#### [ASSIGNMENT]
Take the lines of the data below from the very first through the line containing "開花・受精期も低温に弱い時期" and output them exactly, pictures excluded.
SUPPLIED RECORDS Block Start
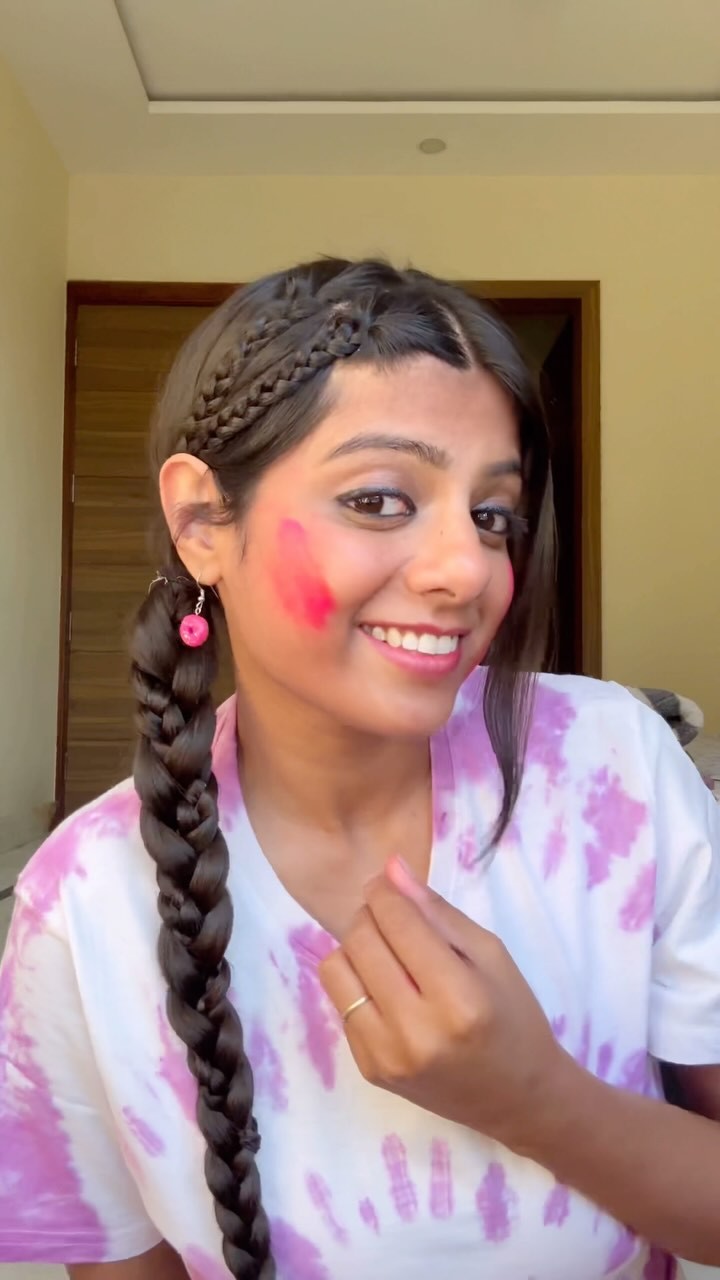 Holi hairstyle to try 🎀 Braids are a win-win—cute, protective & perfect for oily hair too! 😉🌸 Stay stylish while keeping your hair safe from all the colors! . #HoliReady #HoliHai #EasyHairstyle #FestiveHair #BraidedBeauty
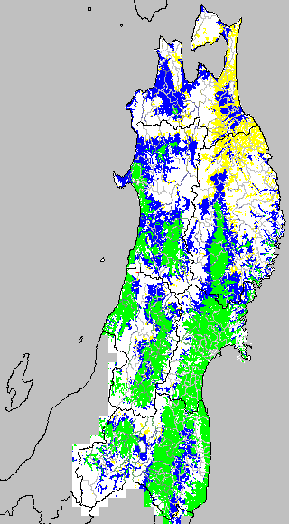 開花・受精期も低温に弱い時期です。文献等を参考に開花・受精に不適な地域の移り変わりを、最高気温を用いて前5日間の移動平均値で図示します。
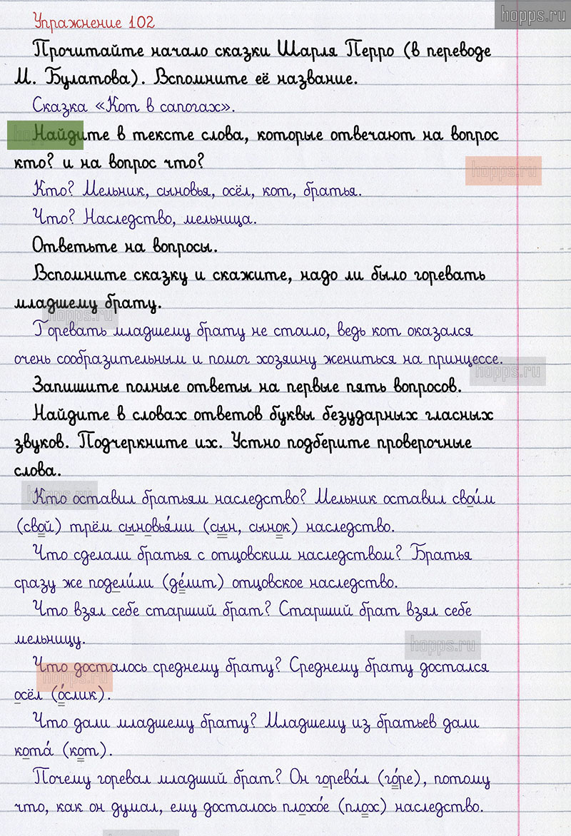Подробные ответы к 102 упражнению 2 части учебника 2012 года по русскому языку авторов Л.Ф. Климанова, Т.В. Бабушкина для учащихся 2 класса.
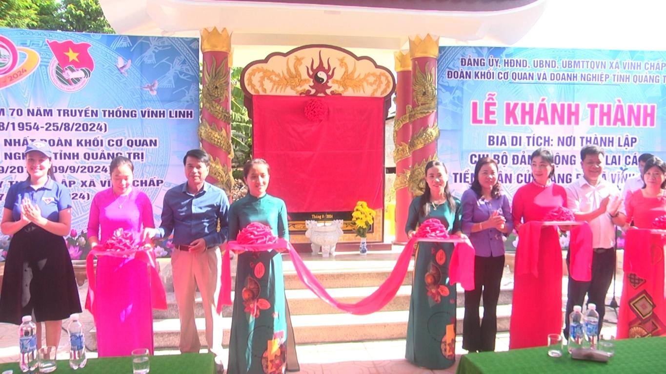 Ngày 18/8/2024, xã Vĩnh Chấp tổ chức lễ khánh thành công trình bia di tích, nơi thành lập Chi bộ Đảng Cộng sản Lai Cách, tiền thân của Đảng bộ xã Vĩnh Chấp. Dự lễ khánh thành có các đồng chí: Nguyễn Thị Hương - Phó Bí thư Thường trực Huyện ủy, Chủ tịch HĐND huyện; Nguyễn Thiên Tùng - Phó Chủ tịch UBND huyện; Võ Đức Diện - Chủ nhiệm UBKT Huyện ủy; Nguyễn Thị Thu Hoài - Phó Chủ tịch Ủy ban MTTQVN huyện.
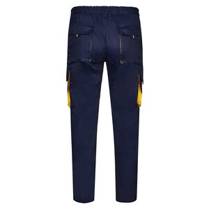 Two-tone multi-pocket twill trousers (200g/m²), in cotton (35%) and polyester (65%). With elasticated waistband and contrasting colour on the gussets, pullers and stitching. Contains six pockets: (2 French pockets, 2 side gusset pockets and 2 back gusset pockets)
SUPPLIED RECORDS Block End
#### [SOLUTION TO THE PROBLEM]
 Holi hairstyle to try 🎀 Braids are a win-win—cute, protective & perfect for oily hair too! 😉🌸 Stay stylish while keeping your hair safe from all the colors! . #HoliReady #HoliHai #EasyHairstyle #FestiveHair #BraidedBeauty
 開花・受精期も低温に弱い時期です。文献等を参考に開花・受精に不適な地域の移り変わりを、最高気温を用いて前5日間の移動平均値で図示します。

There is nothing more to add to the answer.